Do you think the advantages of this development outweigh the disadvantages?


In this modern era, the advancement of technology allows Societies are allowed to monitor others activity by using sophisticated devices such as hidden camera, deoxyribonuclic acid (DNA) detector, or hacking tools. Sometimes, people do not recognise that they are monitored. In my opinion, although it is impolite to watch other life without their permit, I strongly believe that there are more merits than demerits.

People now can monitor others without having direct contact with others. This is impolite and unsafe as abuse of this advancement can cause negative impact on society, such as increasing of criminality. People who commit crime are able to use cutting-edge device such as hidden camera to monitor their target. This device often use to do unethical thing such as pornography which is very dangerous for women. As a result, crime-rate, particularly pornography, has risen significantly due to the abuse of this sophisticated equipment. However, I personally believe that the merits of this development are much more than demerit.

Several bad things have been canceled as police or law-agency use cutting edge technologies on their job. According to FBI data, there are lots of case that solved by using fruitful device such as DNA detector. This device help them to recognise and arrest people who are noted in their black list. Consequently, plenty of terrorism have been canceled successfully.
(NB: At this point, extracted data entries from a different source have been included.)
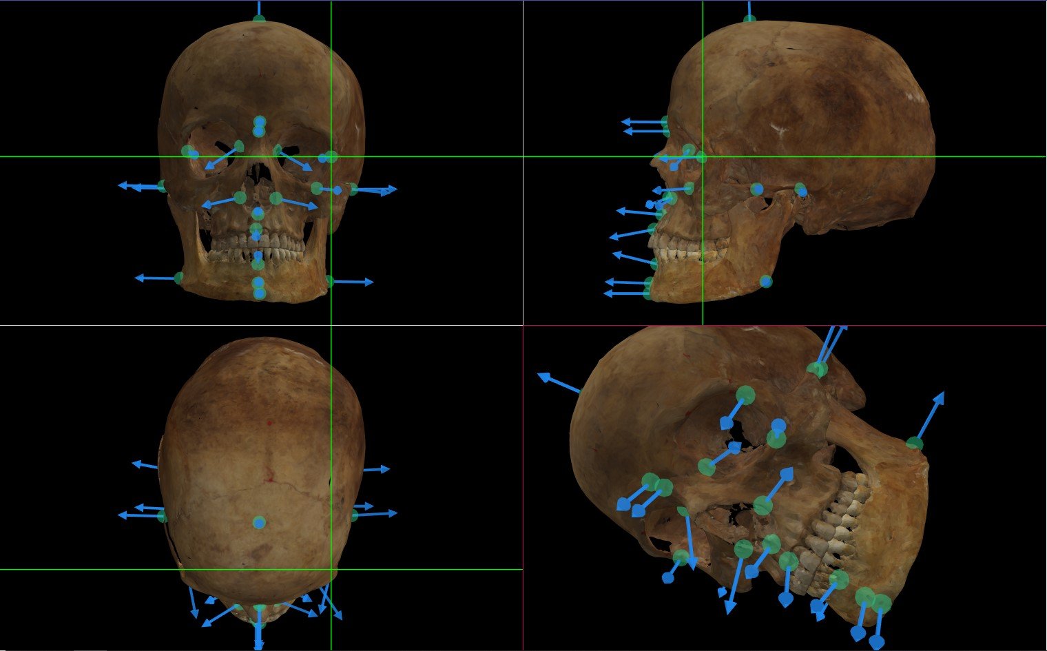 Figure 3. A screenshot of Skeleton·ID showing a 3D skull with craniometric landmarks (green points) and soft-tissue vectors (blue arrows) pointing towards the corresponding facial landmarks.
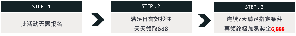 活 动 内 容 : 活动期间满足日有效投注15,000起即可获得黄金冲刺奖,最高天天领取688!连续七天满足指定有效投注,再享终极加冕奖6,888!
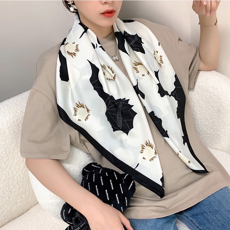 Aibins ผ้าโพกหัว ผ้าพันคอ ผ้าเรยอน กันแดด พิมพ์ลาย ทรงสี่เหลี่ยม ระบายอากาศ 35.4 นิ้ว 1 ชิ้น
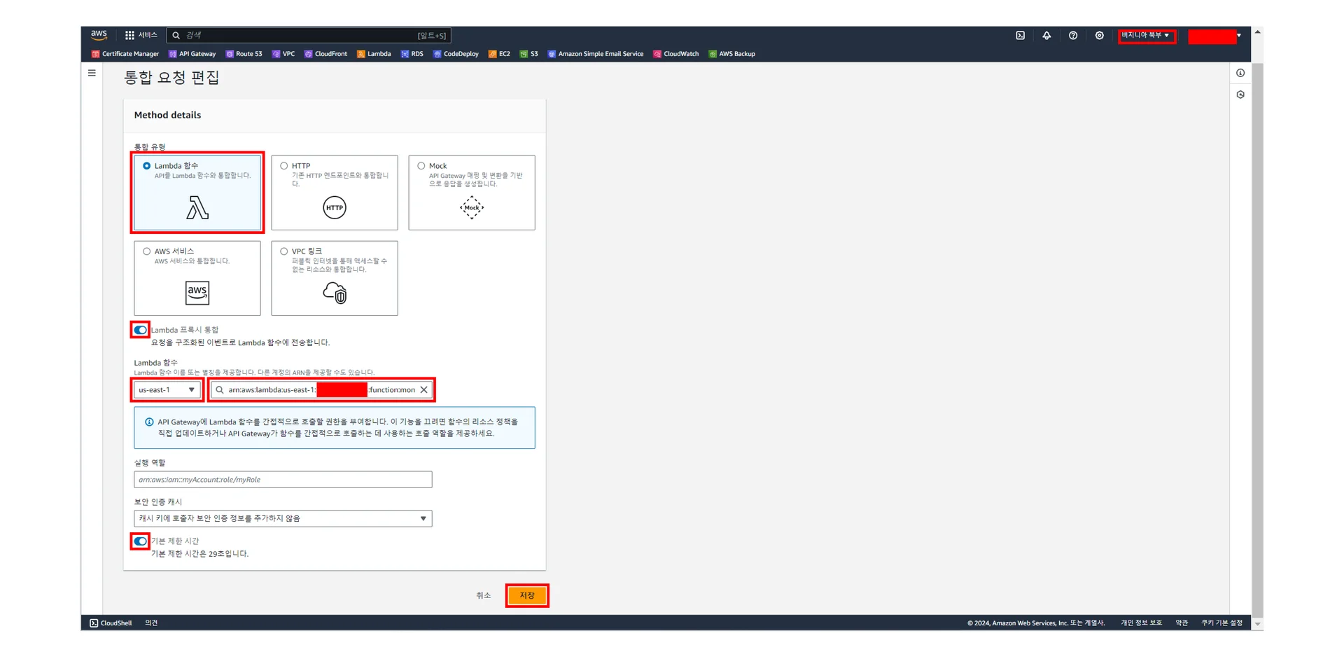 [API Gateway] - [API] - [리소스 - monthly-cs-agw-next-server (고유키)] - [통합 요청 편집]에서 주요 설정값을 아래 미리 보기 이미지을 참고하여 설정하고 우하단 주황색의 [저장] 클릭하기
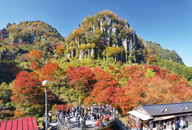 名勝・耶馬渓の中でも特に風光明媚と称される、奇峰と渓谷、紅葉が織りなす絶景
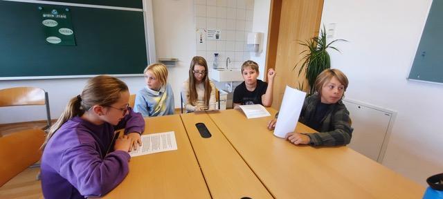 Am 24.10.2024 fand der „Green-Team-Tag“ der Klasse 7a statt. Die ersten Klassen wurden für jeweils eine Schulstunde nacheinander empfangen und von den OberstufenschülerInnen über Mülltrennung, umweltfreundliche Verkehrsmittel und richtiges Lüften unterrichtet. Höhepunkte des Tages waren für die ersten Klassen das Einpflanzen und Benennen kleiner Grünlilien, der Mülltrennungs-Wettkampf, das Nachspielen umweltfreundlicher Verkehrsmittel und dem Weg der Luft vom Fenster zur Tür nachzugehen. Zum Schluss wurden SchülerInnen dafür eingeteilt, sich um das richtige Lüften oder das Gießen der neuen Bewohner zu kümmern. Die ersten Klassen hatten nicht nur jede Menge Spaß, sondern wurden durch die Aktion darauf aufmerksam gemacht, wie wir in unserem Schulalltag besser auf die Umwelt achten können.
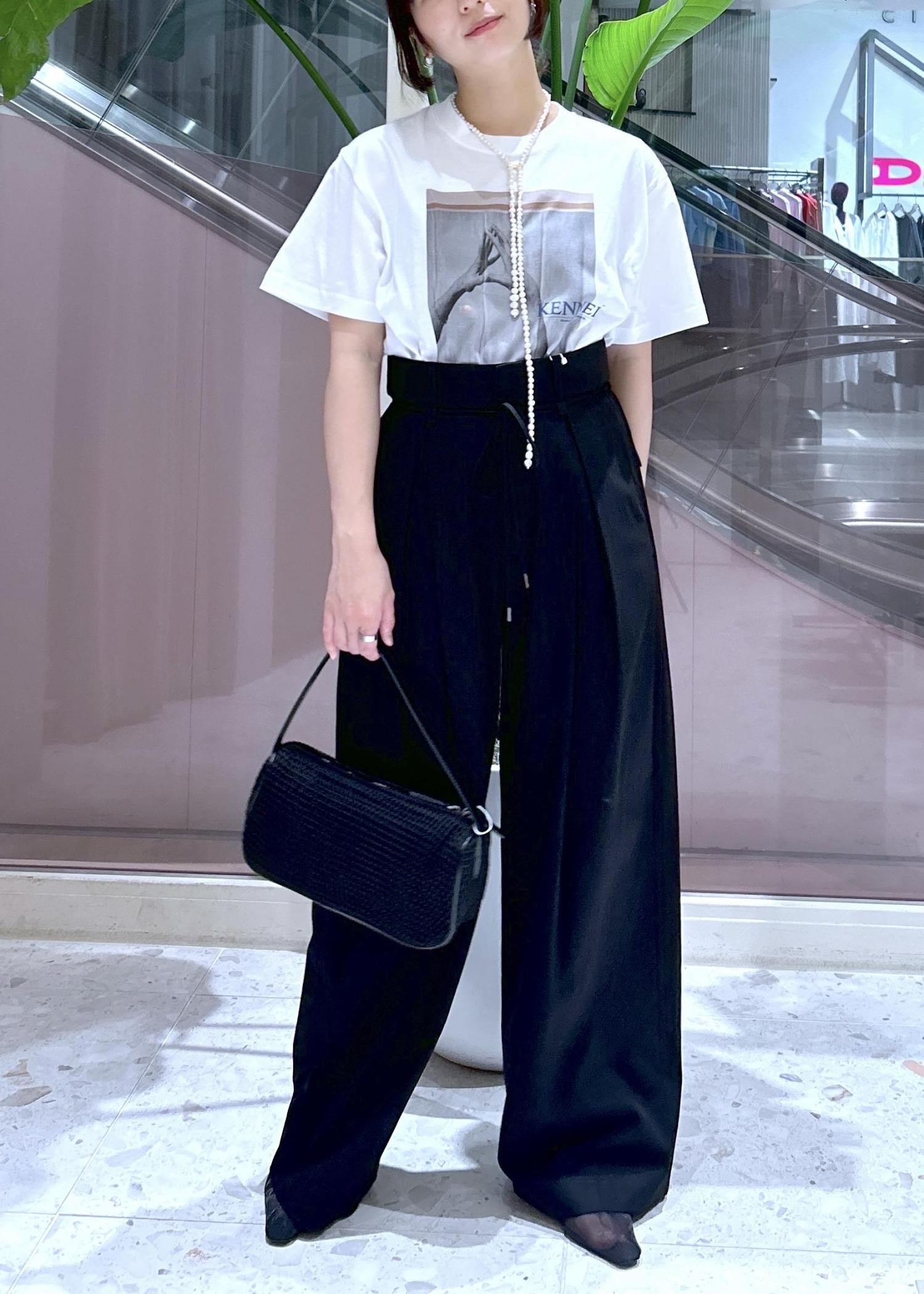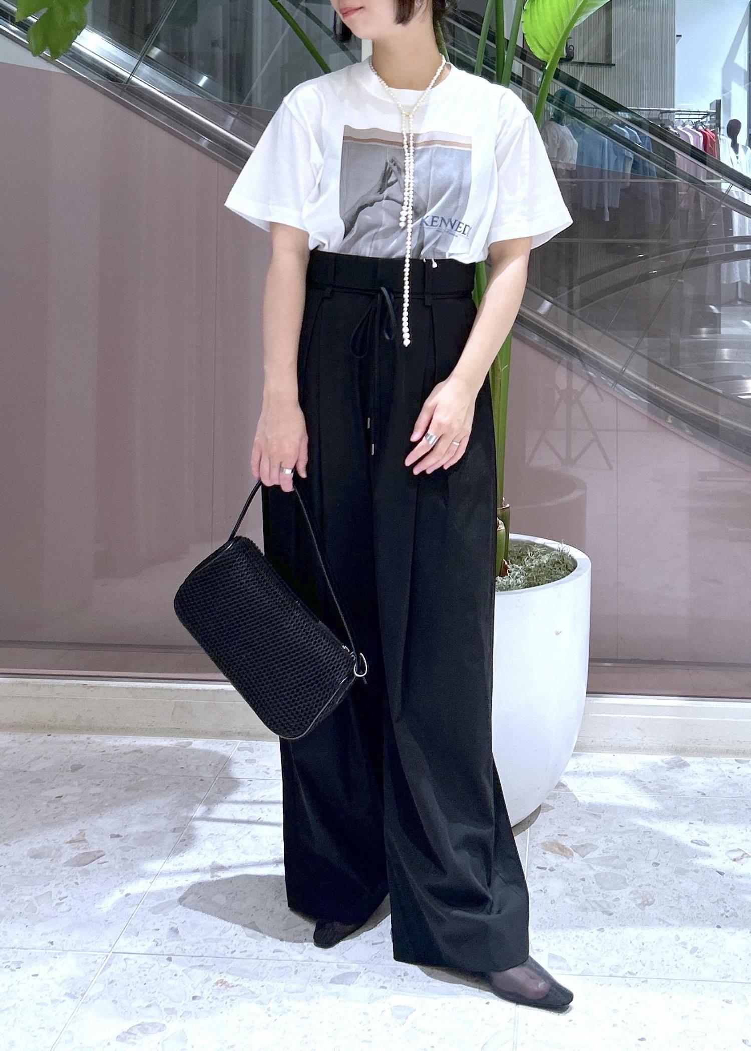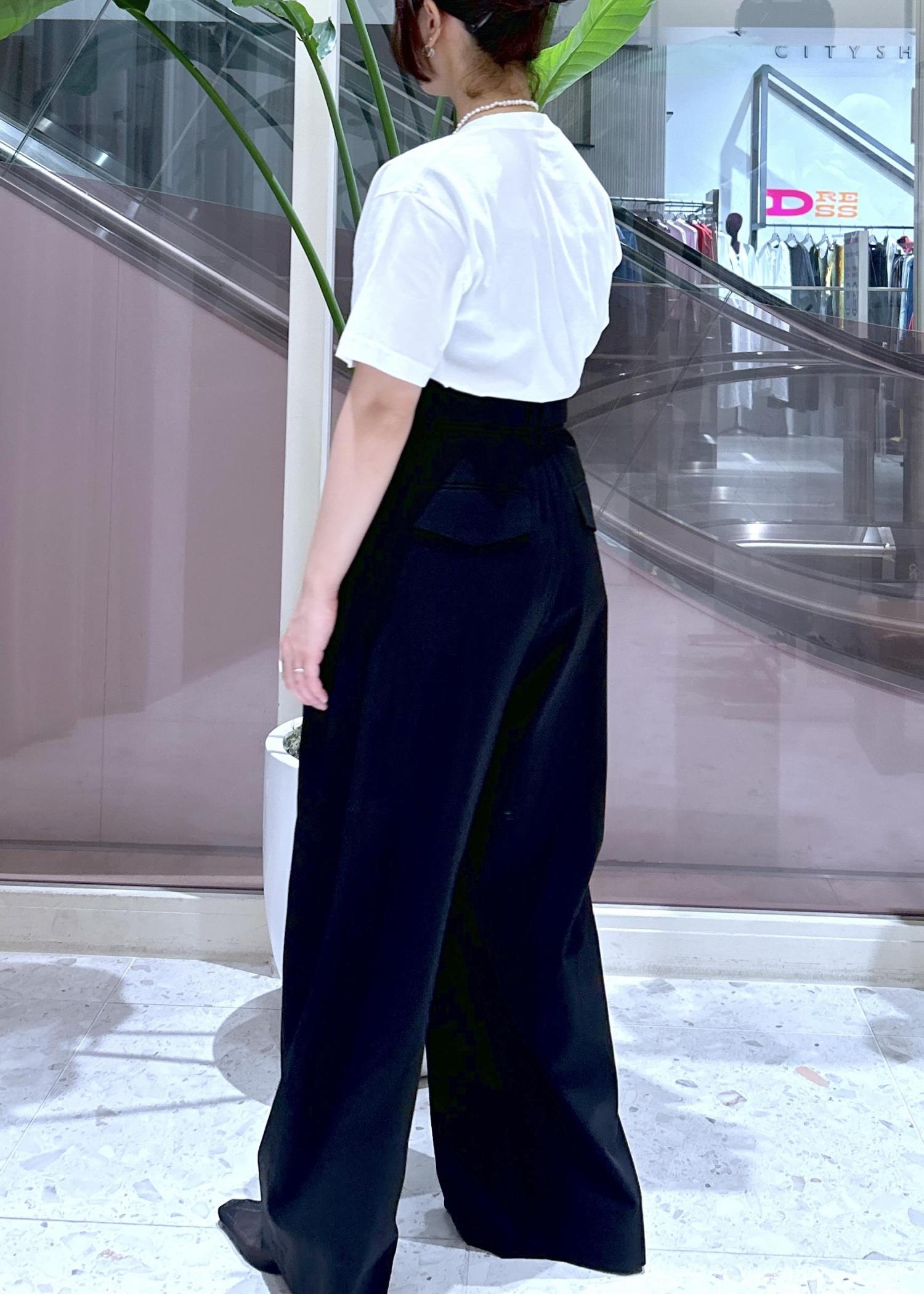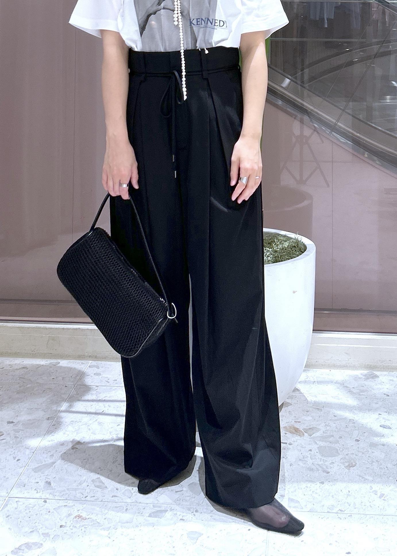 ADAM ET ROPÉ FEMMEドロストドカンパンツブラック / 36¥24,200レビュースタイリングではゆるっと履きたかったので36を着用しましたが34がジャストサイズです。ウエストに紐がついているのでぎゅっと絞ることもできます。すとんと落ちるシルエットで足が長く見えます!
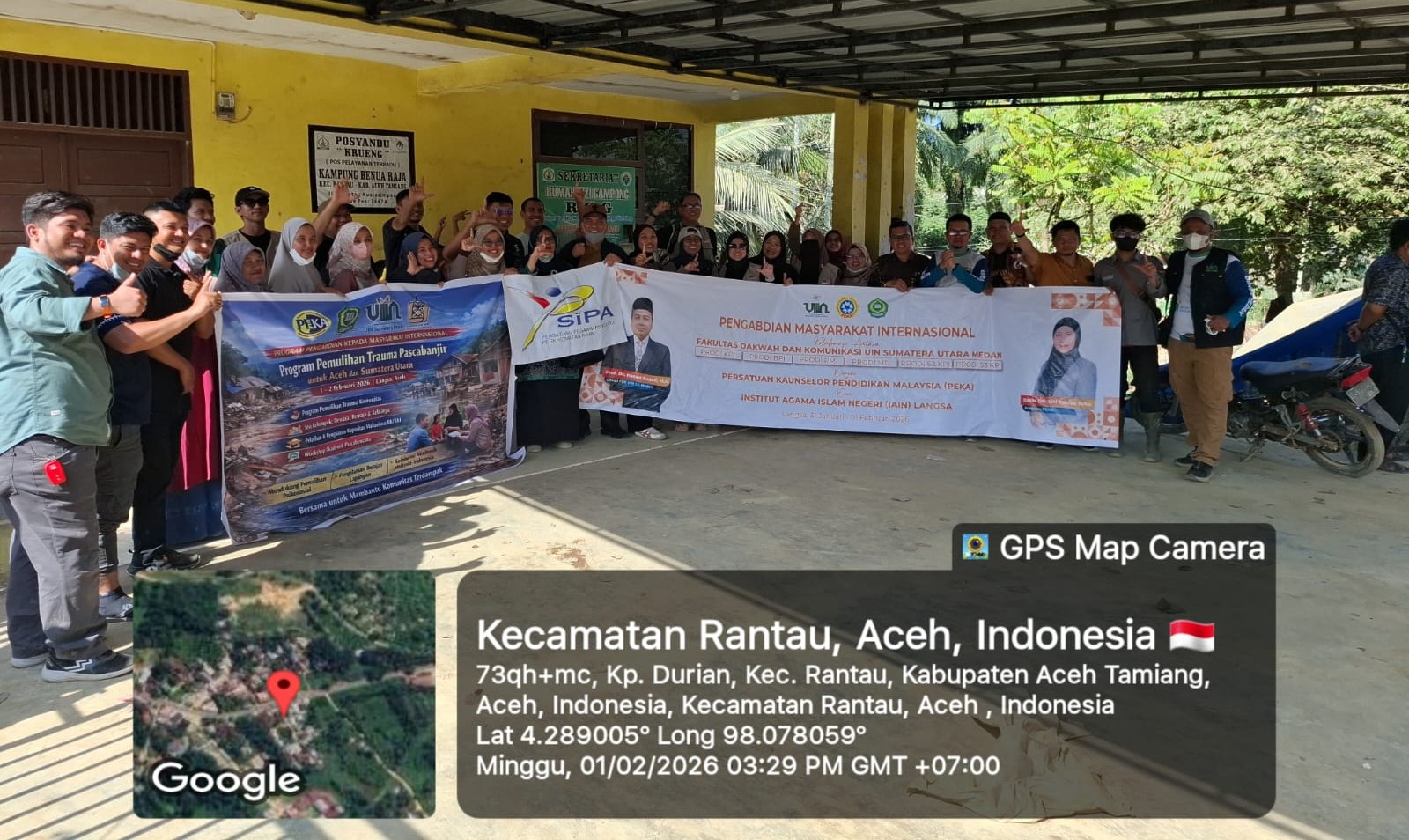 MEDAN – Fakultas Dakwah dan Komunikasi (FDK) UIN Sumatera Utara Medan berkolaborasi dengan IAIN Langsa dan Persatuan Kaunselor Pendidikan Malaysia (PEKA) melaksanakan Pengabdian kepada Masyarakat (PkM) Kolaborasi Internasional di Kabupaten Langkat dan Desa Banua Raja, Aceh Tamiang, Sabtu  (31/1/2026)  dan Minggu (1/2/2026).

In addition, this development are very useful to prevent crime as police or agency can recognise it before it occur. Based on Corruption Watch Agency data, police has been succeed on preventing corruptor from commit corruption by using hacking tools and hidden camera. As a consequence, many corruptors are arrested and the corruption-rate has been dropped. It is evidence that the advancement technology is very fruitful.

To conclude, there is no doubt that cutting-edge device has helped human in many ways as long as it is used properly. Although it can be harmful if it is used in the wrong way, I believe that this development are really fruitful for human life. However, government should establish regulation to prevent misusing of these sophisticated devices.
nurannisaputry92 36 / 27 2  
Apr 7, 2016   #2
hi yoni,

you have a good writing, but let me give you a little suggestion:

People who commit (to, collocation) crime are able to use cutting-edge device ...
This device often use to do unethical thing such as pornography which is very dangerous for women. (if you use one supporting idea, it is better to give specific example)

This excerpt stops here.